Task to complete ->
Retype only the lines below from the one with "любом литературном жанре." to the one with "On front of", inclusive, skipping every image.

Data in this exercise ->
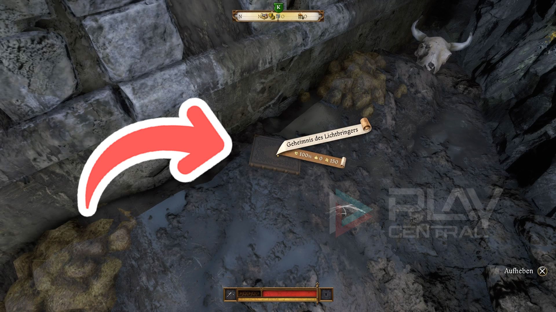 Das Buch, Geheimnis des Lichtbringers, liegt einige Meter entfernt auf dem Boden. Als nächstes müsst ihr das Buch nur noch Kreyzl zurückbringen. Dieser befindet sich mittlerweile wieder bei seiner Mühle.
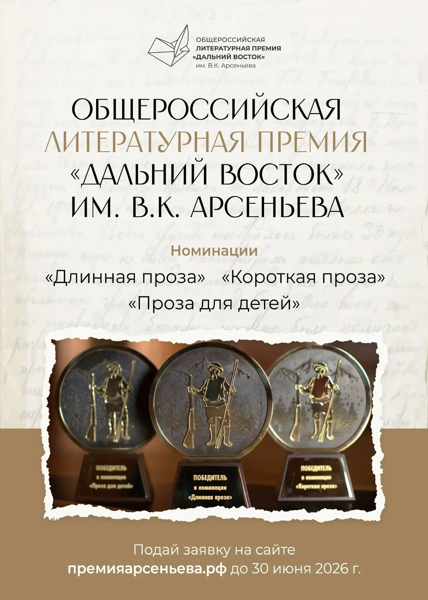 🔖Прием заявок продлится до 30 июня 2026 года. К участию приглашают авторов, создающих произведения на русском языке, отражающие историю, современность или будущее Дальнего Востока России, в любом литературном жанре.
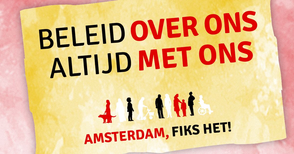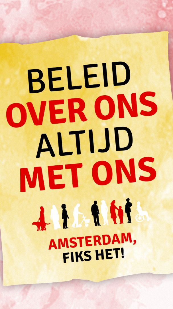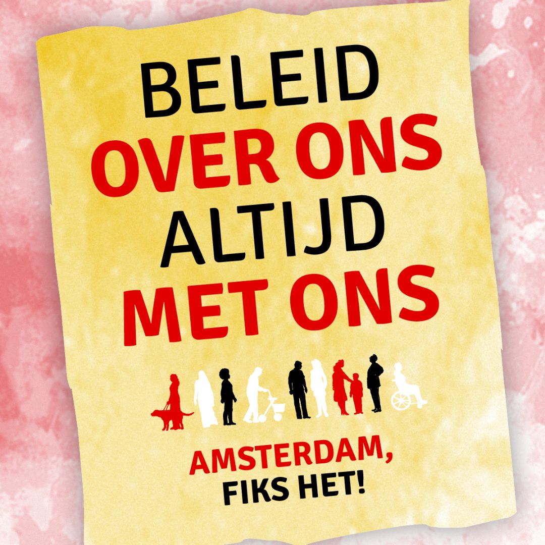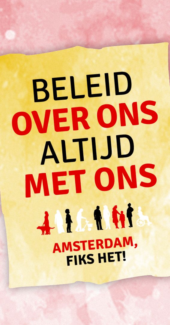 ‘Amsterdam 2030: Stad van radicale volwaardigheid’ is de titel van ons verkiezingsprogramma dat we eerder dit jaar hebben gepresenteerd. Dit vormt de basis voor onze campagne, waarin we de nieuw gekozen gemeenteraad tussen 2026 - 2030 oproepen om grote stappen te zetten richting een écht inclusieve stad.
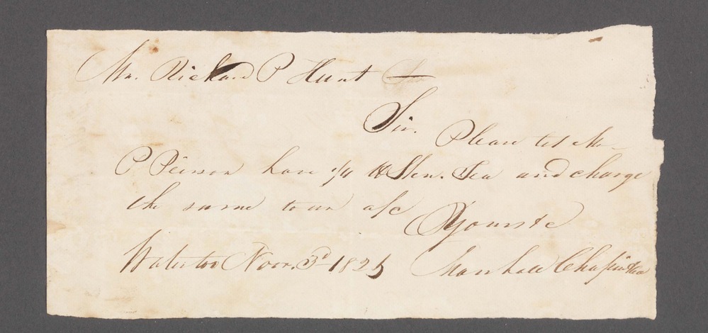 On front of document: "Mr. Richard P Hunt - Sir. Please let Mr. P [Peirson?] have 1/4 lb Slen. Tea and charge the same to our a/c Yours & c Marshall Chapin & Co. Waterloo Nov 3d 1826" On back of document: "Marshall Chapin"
--
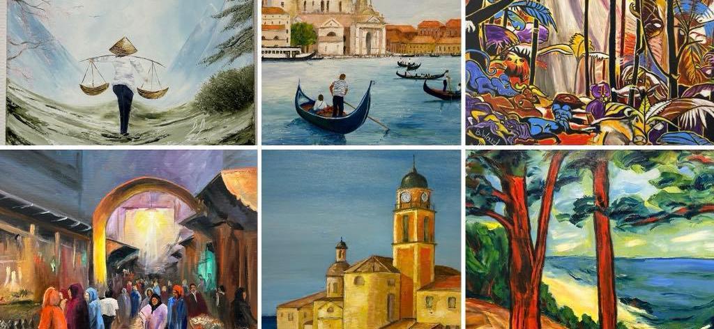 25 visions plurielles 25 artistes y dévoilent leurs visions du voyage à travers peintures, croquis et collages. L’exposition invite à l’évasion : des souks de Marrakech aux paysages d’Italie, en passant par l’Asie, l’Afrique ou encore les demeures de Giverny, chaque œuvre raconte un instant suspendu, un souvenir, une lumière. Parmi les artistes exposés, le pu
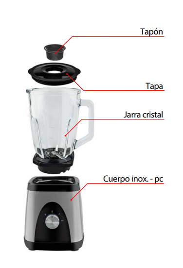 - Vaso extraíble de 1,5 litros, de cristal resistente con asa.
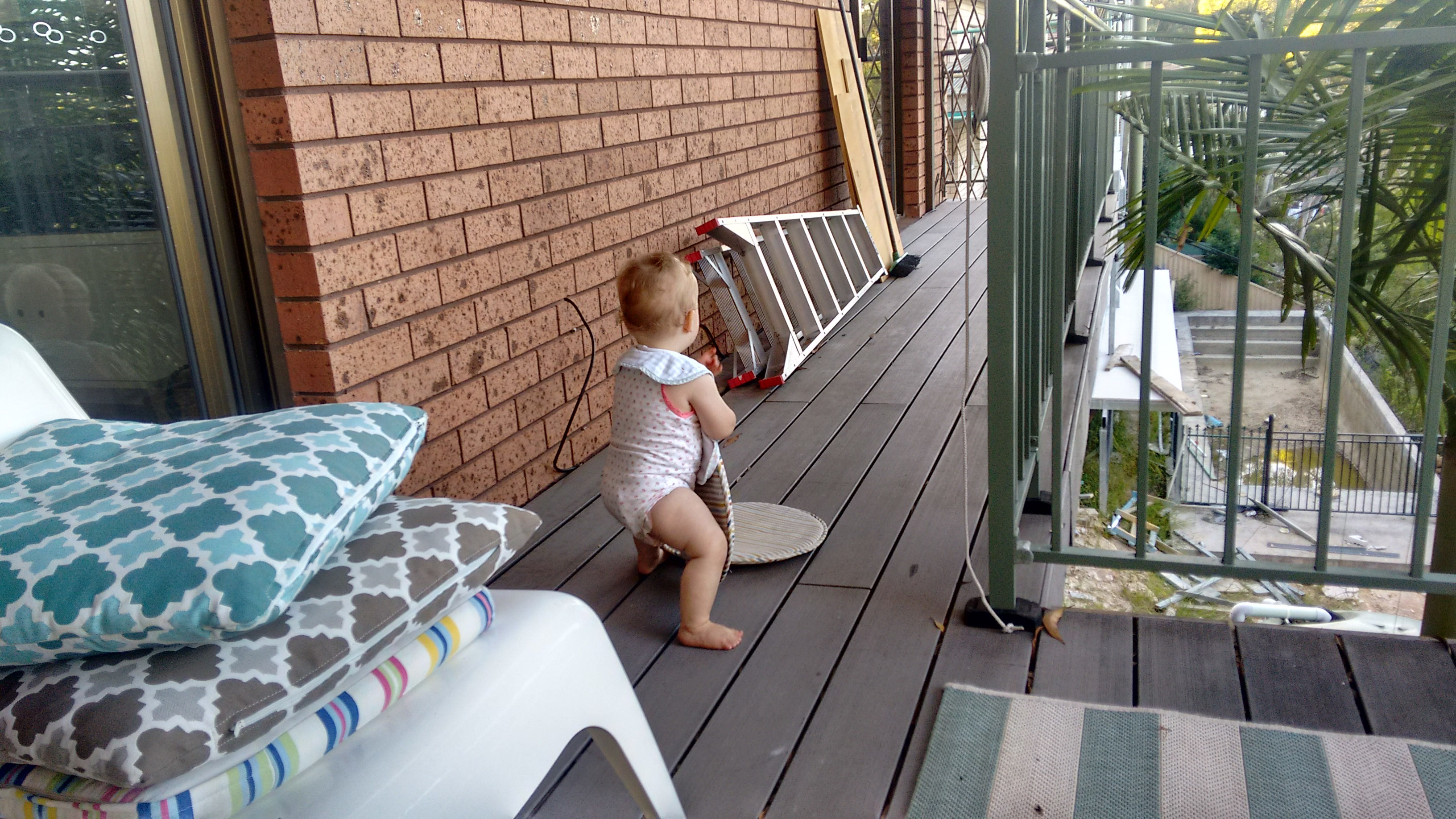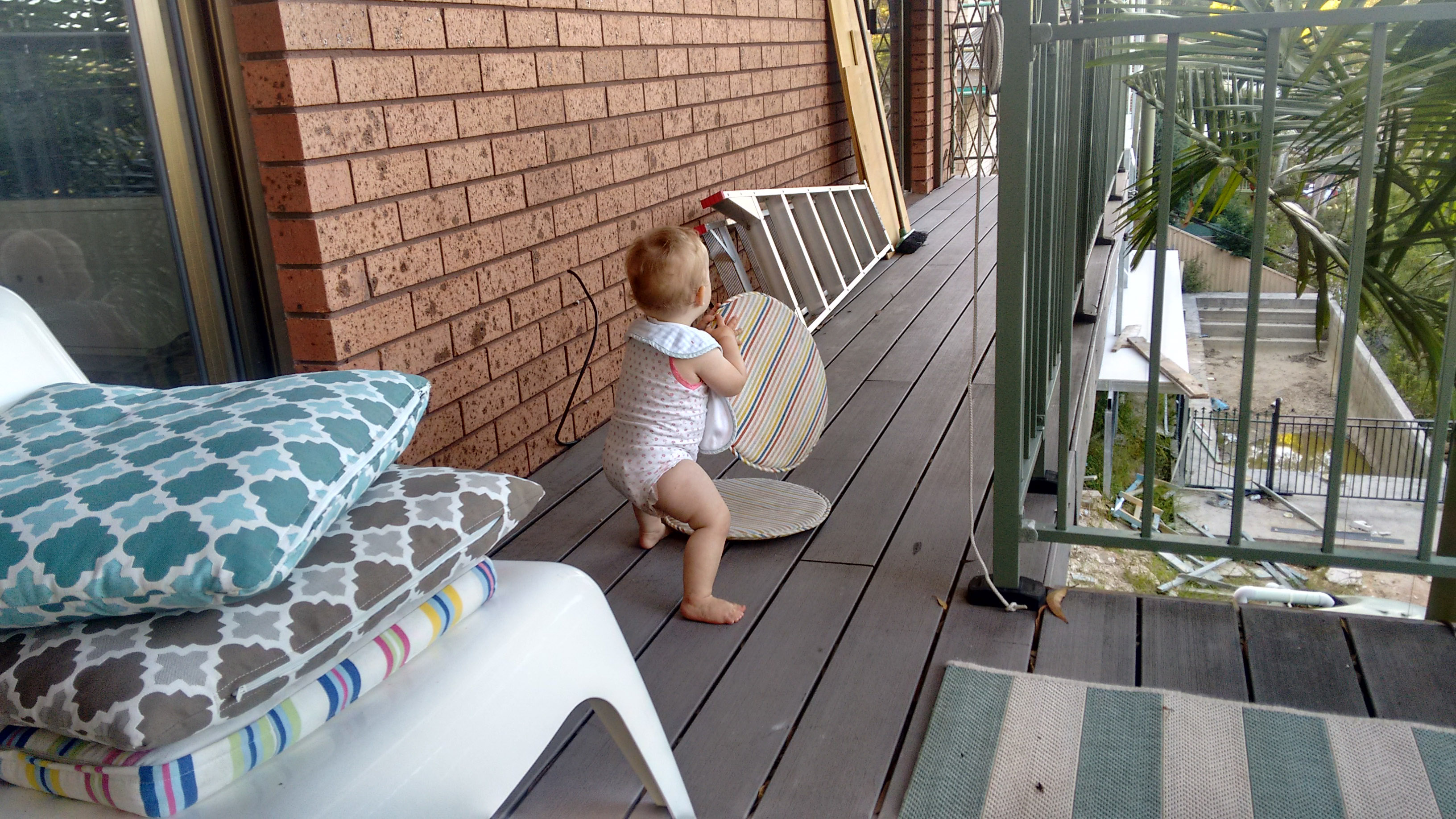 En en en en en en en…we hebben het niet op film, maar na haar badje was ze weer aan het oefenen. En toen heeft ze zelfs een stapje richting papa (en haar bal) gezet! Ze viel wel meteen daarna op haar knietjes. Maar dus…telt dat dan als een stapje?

Result of the task ->
 🔖Прием заявок продлится до 30 июня 2026 года. К участию приглашают авторов, создающих произведения на русском языке, отражающие историю, современность или будущее Дальнего Востока России, в любом литературном жанре.
 ‘Amsterdam 2030: Stad van radicale volwaardigheid’ is de titel van ons verkiezingsprogramma dat we eerder dit jaar hebben gepresenteerd. Dit vormt de basis voor onze campagne, waarin we de nieuw gekozen gemeenteraad tussen 2026 - 2030 oproepen om grote stappen te zetten richting een écht inclusieve stad.
 On front of document: "Mr. Richard P Hunt - Sir. Please let Mr. P [Peirson?] have 1/4 lb Slen. Tea and charge the same to our a/c Yours & c Marshall Chapin & Co. Waterloo Nov 3d 1826" On back of document: "Marshall Chapin"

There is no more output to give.